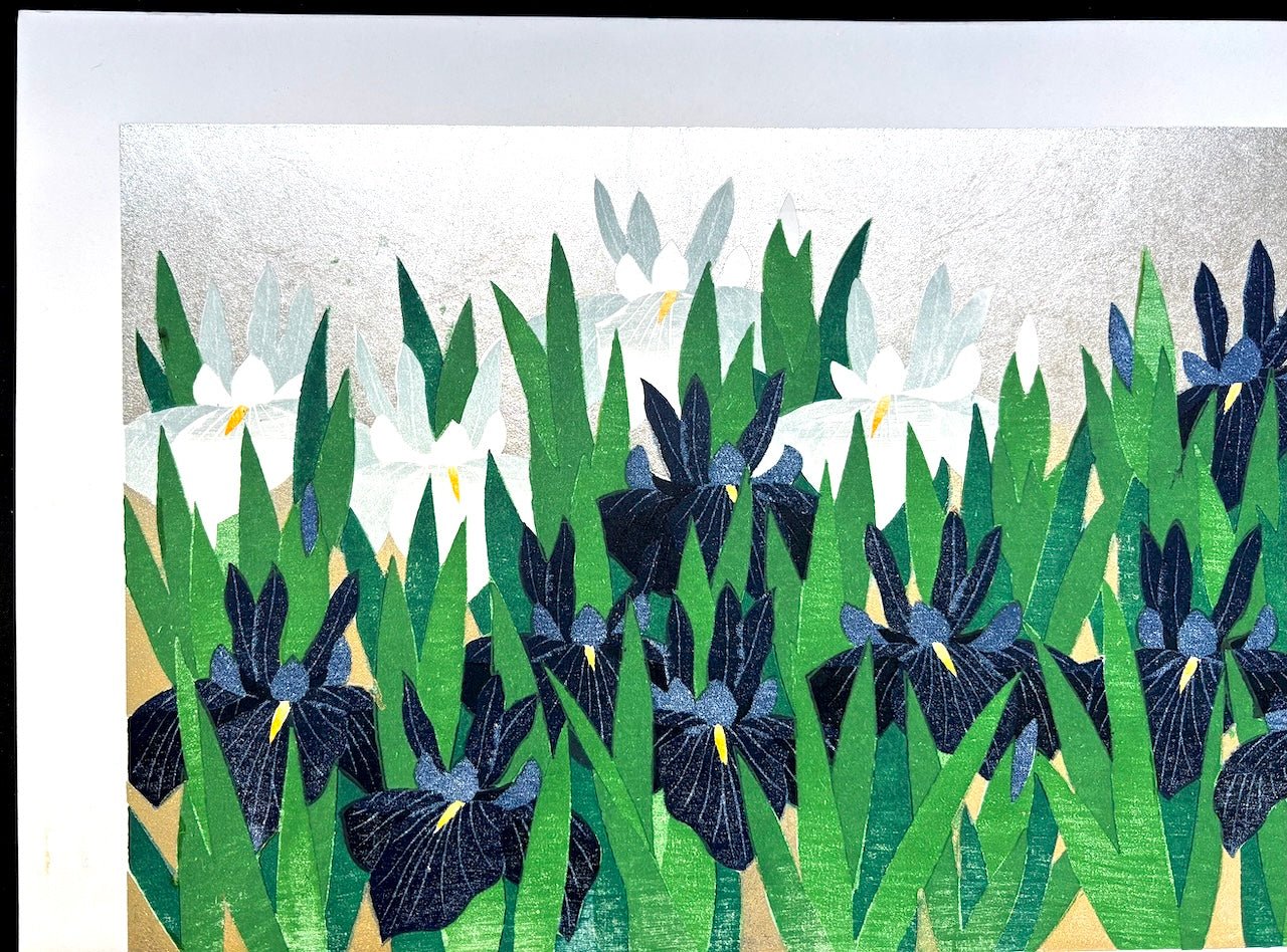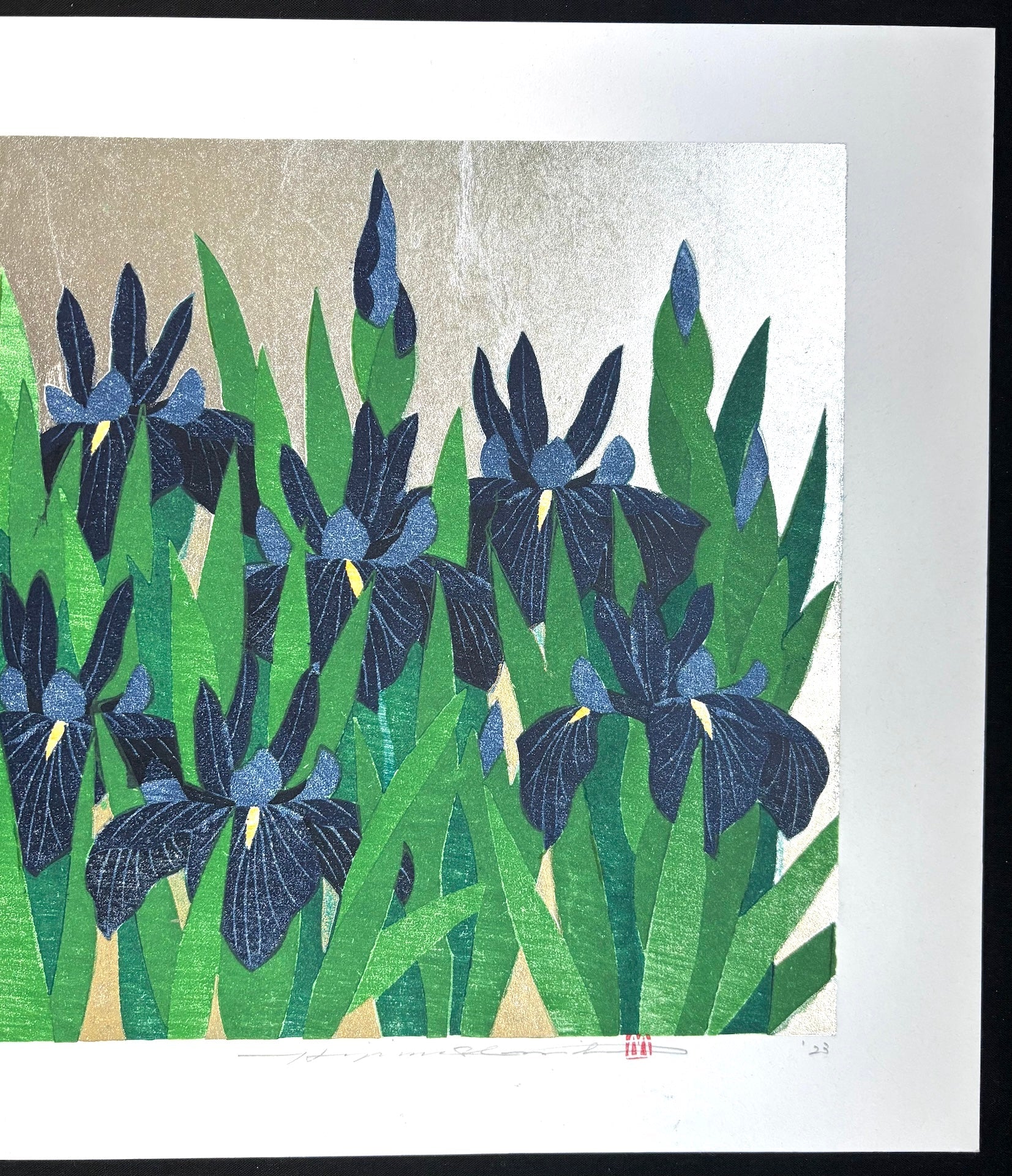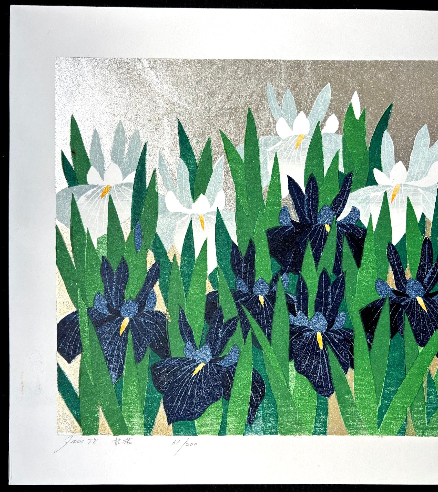 The striking large print 'Iris 78, Kakitsubata' by Hajime Namiki beautifully captures the elegance of the iconic iris flower, known in Japanese as Kakitsubata. Set against a shimmering silver background, the blossoms radiate with vibrant color and graceful form, hallmarks of Namiki’s style. The work feels both bold and serene, inviting the viewer to linger on its beauty.
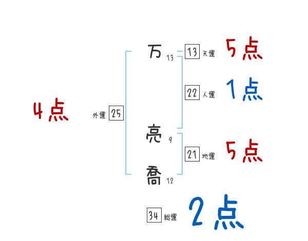 万亮喬さんの画数の鑑定結果
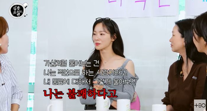 장도연이 "둘이 뭐 있는거 아니냐 이런 거 많이 안 물어보냐"라고 묻자, 전여빈은 "처음에는 많이 물어봤는데 제 성격을 아니까 괜히 물어봤다 한소리 듣는거 아니까 이제는 안 물어본다"라고 말했다.
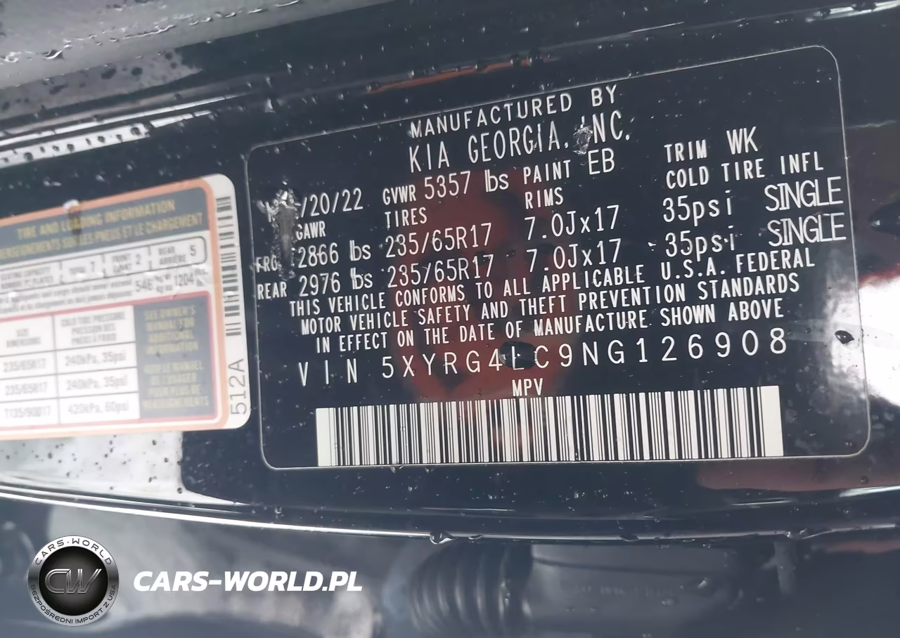 IAAI Nr: I-44440653 VIN: 5XYRG4LC9NG126908 Port: Elizabeth, NJ
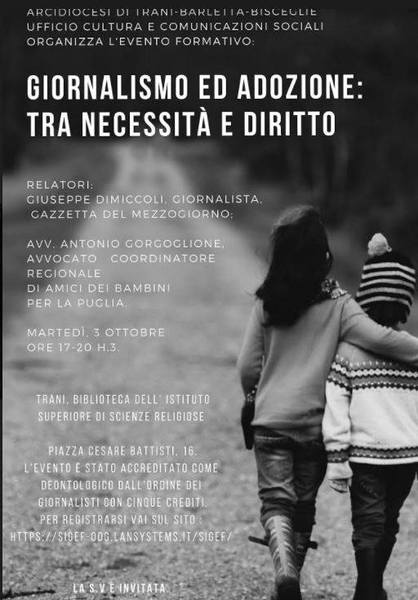 A cura dell’Ufficio Cultura e Comunicazioni Sociali dell’Arcidiocesi di Trani-Barletta-Bisceglie, martedì 3 ottobre 2017, a Trani, presso la Biblioteca dell’Istituto Superiore di Scienze Religiose (Piazza Cesare Battisti 16), dalle ore 17 alle 20, si terrà l’incontro formativo per giornalisti sul tema “Giornalismo ed adozione: tra necessità e diritto”.
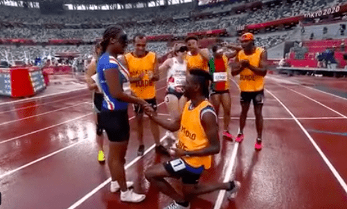 La sprinteuse a accepté la demande sous les applaudissements et, bague au doigt, a vite retrouvé le sourire.
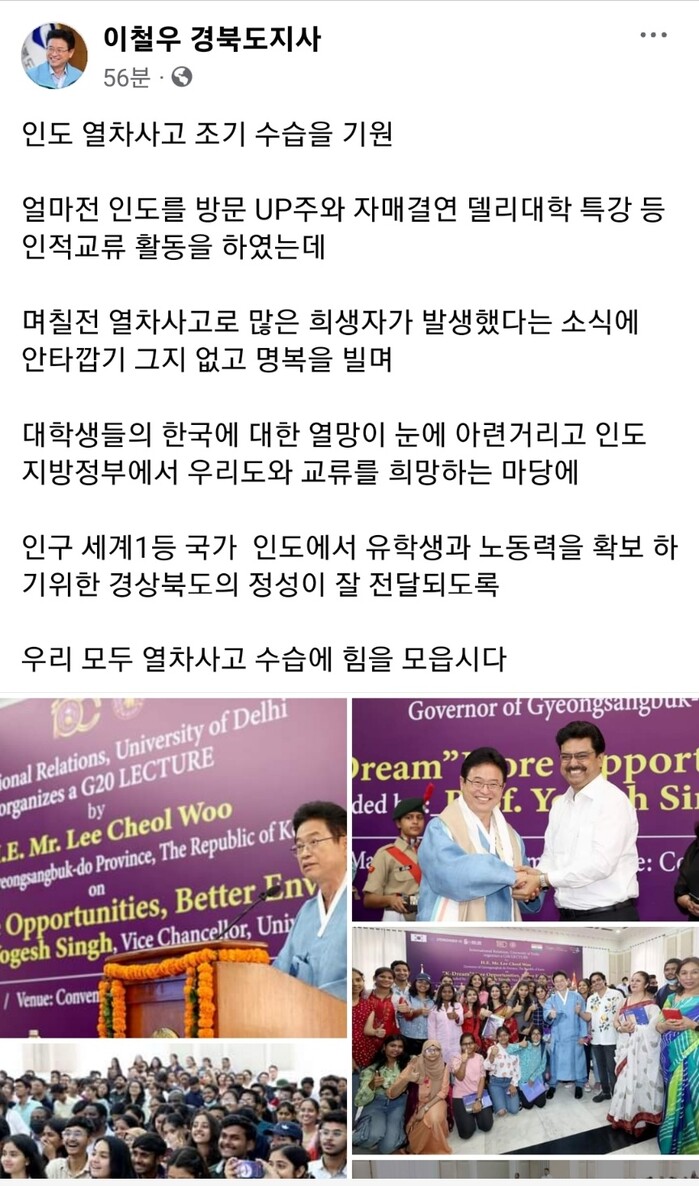이철우 지사는 4일 페이스북에 글을 올리고 “얼마 전 인도를 방문해 UP주와 자매결연 델리대 특강 등 인적교류 활동을 했는데 며칠 전 열차사고로 많은 희생자가 발생했다는 소식에 안타깝기 그지없다”며 명복을 빌었다.

> **Goal of the exercise**
Your copy should hold exactly the lines from the one with "A cura dell’Ufficio" through the final line of the records, both ends included, and no pictures.

> **Output for this task**
 A cura dell’Ufficio Cultura e Comunicazioni Sociali dell’Arcidiocesi di Trani-Barletta-Bisceglie, martedì 3 ottobre 2017, a Trani, presso la Biblioteca dell’Istituto Superiore di Scienze Religiose (Piazza Cesare Battisti 16), dalle ore 17 alle 20, si terrà l’incontro formativo per giornalisti sul tema “Giornalismo ed adozione: tra necessità e diritto”.
 La sprinteuse a accepté la demande sous les applaudissements et, bague au doigt, a vite retrouvé le sourire.
이철우 지사는 4일 페이스북에 글을 올리고 “얼마 전 인도를 방문해 UP주와 자매결연 델리대 특강 등 인적교류 활동을 했는데 며칠 전 열차사고로 많은 희생자가 발생했다는 소식에 안타깝기 그지없다”며 명복을 빌었다.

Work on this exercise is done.